Distinct variable group:   x,A

Proof of Theorem map2psrpr

Step	Hyp	Ref	Expression
1		map2psrpr.1	. . . . 5 |- A e. _V
2		ltrelsr 6332	. . . . 5 |- <R C_ (R. X. R.)
3	1, 2	brel 4048	. . . 4 |- (0R <R A -> (0R e. R. /\ A e. R.))
4	3	simprd 352	. . 3 |- (0R <R A -> A e. R.)
5		df-nr 6319	. . . 4 |- R. = ((P. X. P.)/. ~R )
6		breq2 3342	. . . . 5 |- ([<.y, z>.] ~R = A -> (0R <R [<.y, z>.] ~R <-> 0R <R A))
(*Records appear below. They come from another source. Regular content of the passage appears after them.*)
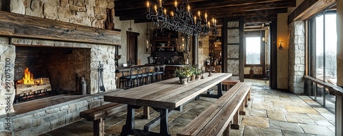 A rustic dining room in a farmhouse with a stone fireplace, a long wooden table with bench seating, and an iron chandelier overhead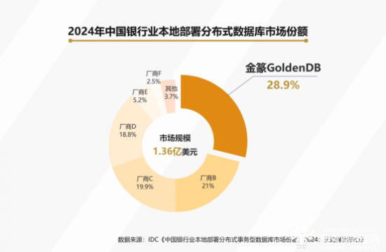 ]article_adlist-->也进一步证明了中兴通讯金篆数据库GoldenDB的安全可靠和成熟稳定。2024》报告,为金融行业自主创新提供关键助力。中兴通讯金篆数据库GoldenDB能够蝉联2024年中国银行业本地部署分布式事务型数据库市场份额第一,国内首个云化的国有大行全国性核心系统上线。占银行市场规模的73%,中兴通讯金篆数据库GoldenDB正在支撑更多的金融机构平滑替换原有的国外数据库。尤其是权重最大的核心业务系统。股份制银行、日前,农信联社、国内首个国有大行核心系统上线、城商行、10万亿元的金融交易,核心系统投产数占金融行业50%以上,市场占比达28.9%。中兴通讯金篆数据库GoldenDB在银行分布式数据库本地部署市场蝉联第一,2024年银行本地化部署的市场规模为1.36亿美元,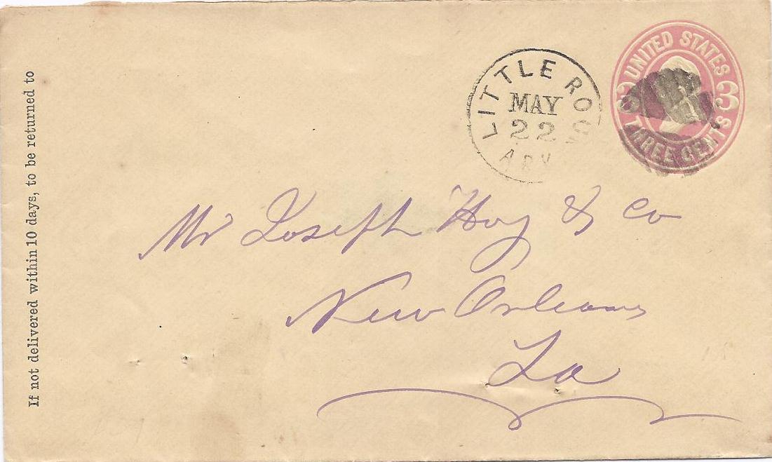 | Little Rock | 186x-05-22 | New Orleans, Lousiana | Black CDS, Cork Cancel ties 3c embossed envelope | Little Rock AR 186x-05-22 eBay 20120924.jpg |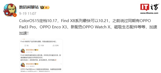 在 OPPO 官宣 2024 开发者大会定档 10 月 17 日之后,博主 @数码闲聊站 曾爆料称:“Find X8 系列最快可以 10 月 21 日”,同期有 OPPO Pad 3 Pro、OPPO Enco X3、新配色 OPPO Watch X、磁吸生态配件等。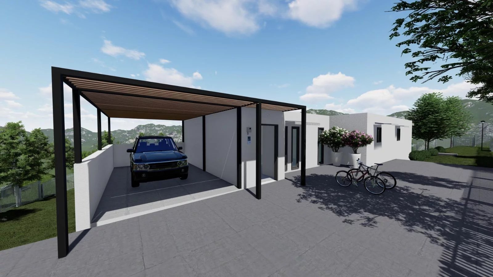 – Double portail électrique, visiophone, vidéosurveillance 4 caméras

7		eqeq2 1893	. . . . . . 7 |- ([<.y, z>.] ~R = A -> ([<.(x +P. 1P), 1P>.] ~R = [<.y, z>.] ~R <-> [<.(x +P. 1P), 1P>.] ~R = A))
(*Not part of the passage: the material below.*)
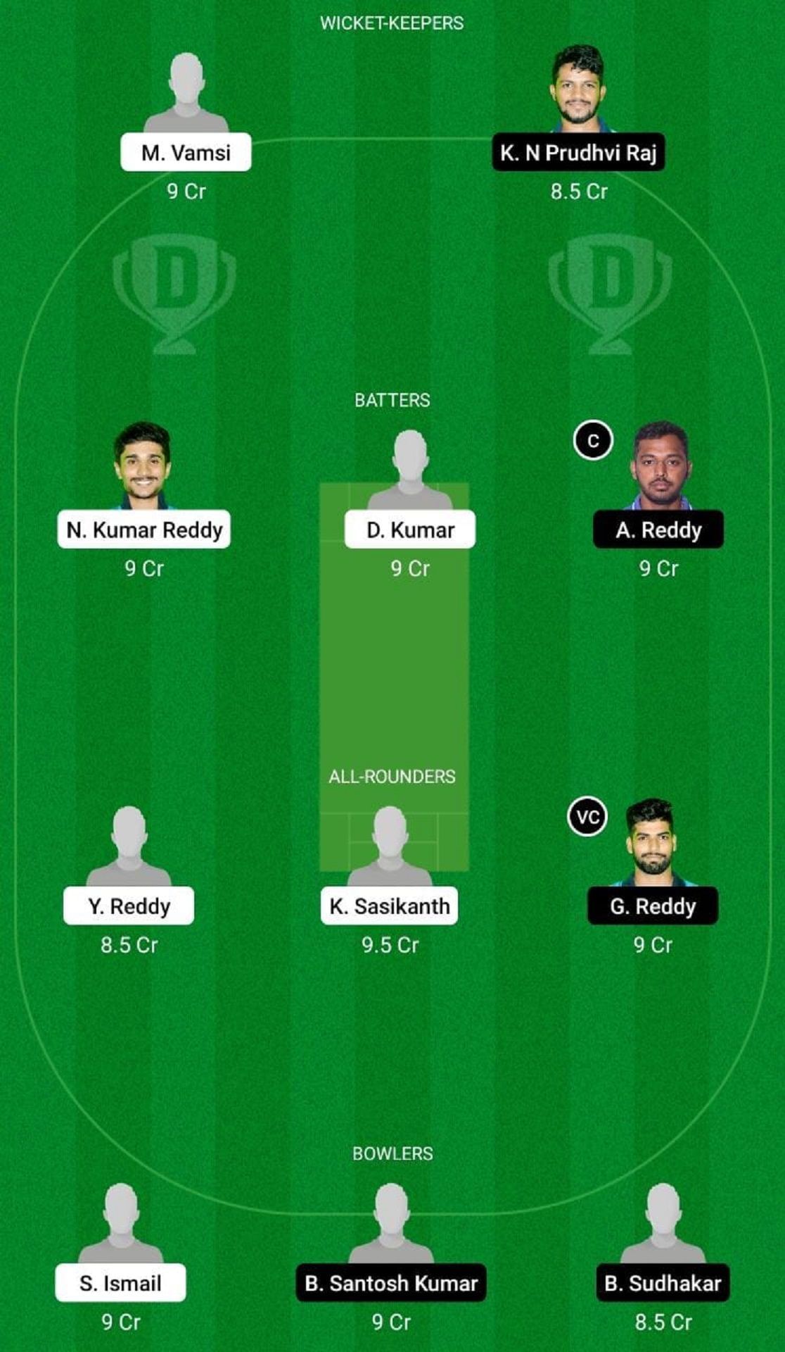 Fantasy Suggestion #1: K N Prudhvi Raj, M Vamsi, A Reddy, N Kumar Reddy, D Kumar, G Reddy, K Sasikanth, Y Reddy, B Santosh Kumar, B Sudhakar, S Ismail

8	7	anbi2d 678	. . . . . 6 |- ([<.y, z>.] ~R = A -> ((x e. P. /\ [<.(x +P. 1P), 1P>.] ~R = [<.y, z>.] ~R ) <-> (x e. P. /\ [<.(x +P. 1P), 1P>.] ~R = A)))
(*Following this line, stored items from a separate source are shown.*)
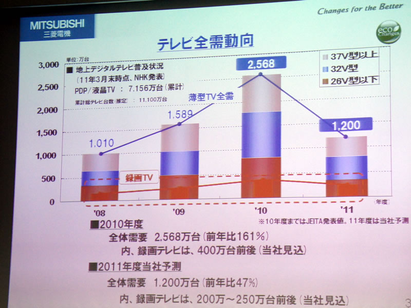 エコポイントの影響などで2010年度はテレビ売上が大きく伸張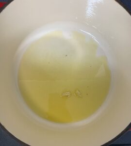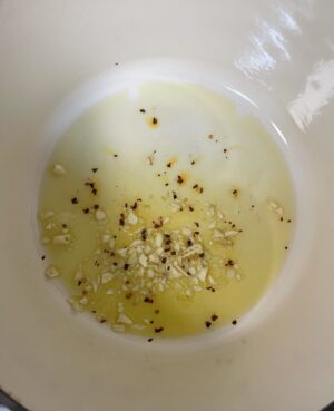 Next, heat up a large saucepan to medium heat. Add in the olive oil and get that nice and hot. Once the olive oil is hot, add the minced (or chopped) garlic and red pepper flakes.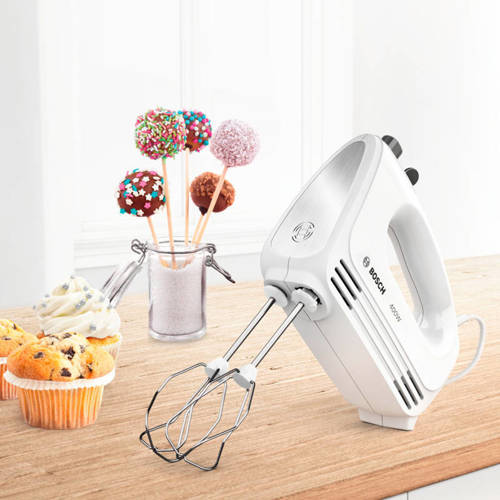 Deze Bosch MFQ24200 handmixer heeft een ergonomisch ontworpen behuizing en is geschikt voor links- en rechtshandige gebruikers. De mixer is voorzien van Bosch technologie en een moderne motor met een vermogen van 400 Watt die krachtig maar tegelijkertijd licht en stil is. Daarnaast beschikt de MFQ24200over 4 verschillende snelheden, een moment- en turbostand. Al het plastic dat met voedsel in contact komt is BPA vrij.Specificaties- Vermogen : 400 watt- Mixer afneembaar- Aantal standen: 4- Moment- en Turbostand- Aparte uitwerptoets voor gardes en kneedhaken- Accessoires: 2 x Turbo-klopper, 2 x kneedarm in roestvrij staal- Vaatwasserbestendige accessoires- Kleur: wit- Garantietermijn: 2 jaarAfmetingen en gewicht- Afmeting (hxbxd): 15,3x20x7,3 cm- Gewicht: 0,9 kg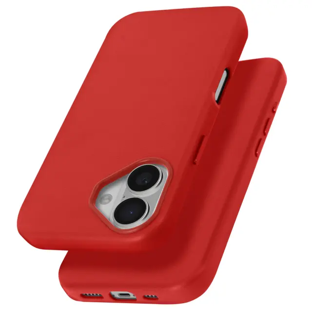Ohišje MagSafe za iPhone 16 iz visokokakovostnega veganskega usnja, Rdeča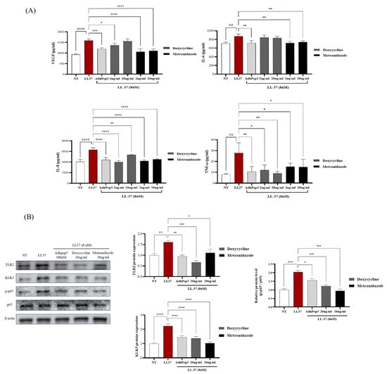 Comparison of the rosacea treatment effects of doxycycline, metronidazole, and AdhPep3 on LL-37-Induced HaCaT Cells. HaCaT cells were treated with AdhPep3 (300 nM), doxycycline (2 µg/mL, 20 µg/mL), and metronidazole (2 µg/mL, 20 µg/mL) for 2 h, followed by treatment with LL37 (8 µM), and rosacea markers were measured. (A) VEGF, IL-6, IL-8, and TNF-α levels were measured by ELISA. (B) Protein expression levels of TLR2, KLK5, and NF-κB (p65, p-p65) were measured by Western blotting. *, **, ***, and **** indicate p < 0.05, p < 0.01, p < 0.001, and p < 0.0001, respectively, as determined by one-way ANOVA. ##, ###, and #### indicate p < 0.05, p < 0.01, p < 0.001, and p < 0.0001 for comparisons with the group treated with LL37 alone.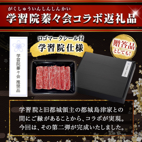 こちらは、『学習院蓁々会(がくしゅういんしんしんかい)』とのコラボ返礼品です。 都城市では、学習院様と旧都城領主である都城島津家との間に縁があることから、学習院蓁々会様とのコラボ返礼品を行っており、このたび、コラボ返礼品の第二弾が完成しました。 都城市といえばお肉。 今回、学習院蓁々会様のロゴマークシールを添えた学習院仕様にてご準備いたしました。 数量限定ですので、贈答品としていかがでしょうか。 すき焼きやしゃぶしゃぶなどの鍋物に! サシ(霜降り)のキメがやや粗く、しっかりとした食感を楽しめます。 牛肉の赤身は、あっさりとした淡泊な味わいで、お肉の脂身が苦手な方にもオススメです。 ※薄切り(スライス)肉のため、網焼きには適しません。 ※赤身肉は脂身が少ない部位のため、火を入れ過ぎると肉質が硬くなってしまうことがあります。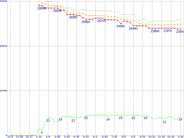 Core i7-2600K (3.40GHz)の価格推移↑前グラフ↓次グラフ(2010年11月5日〜2012年1月18日)※このグラフは過去のデータも税率5%相当に調整した税込み相当額のグラフです。●関連グラフCPU主要製品の最安値推移CPU主要製品(最安値2万円〜3万円未満)の最安値推移Intel系CPUの最安値推移LGA1155 (Smart Cache 8MB,Quad Core,GPU内蔵,Hyper-Threading,TDP 95W)の最安値推移●凡例最安値(点線部は販売店未確認または未調査)平均値最高値ショップ数

9	8	exbidv 1657	. . . . 5 |- ([<.y, z>.] ~R = A -> (E.x(x e. P. /\ [<.(x +P. 1P), 1P>.] ~R = [<.y, z>.] ~R ) <-> E.x(x e. P. /\ [<.(x +P. 1P), 1P>.] ~R = A)))
10	6, 9	imbi12d 688	. . . 4 |- ([<.y, z>.] ~R = A -> ((0R <R [<.y, z>.] ~R -> E.x(x e. P. /\ [<.(x +P. 1P), 1P>.] ~R = [<.y, z>.] ~R )) <-> (0R <R A -> E.x(x e. P. /\ [<.(x +P. 1P), 1P>.] ~R = A))))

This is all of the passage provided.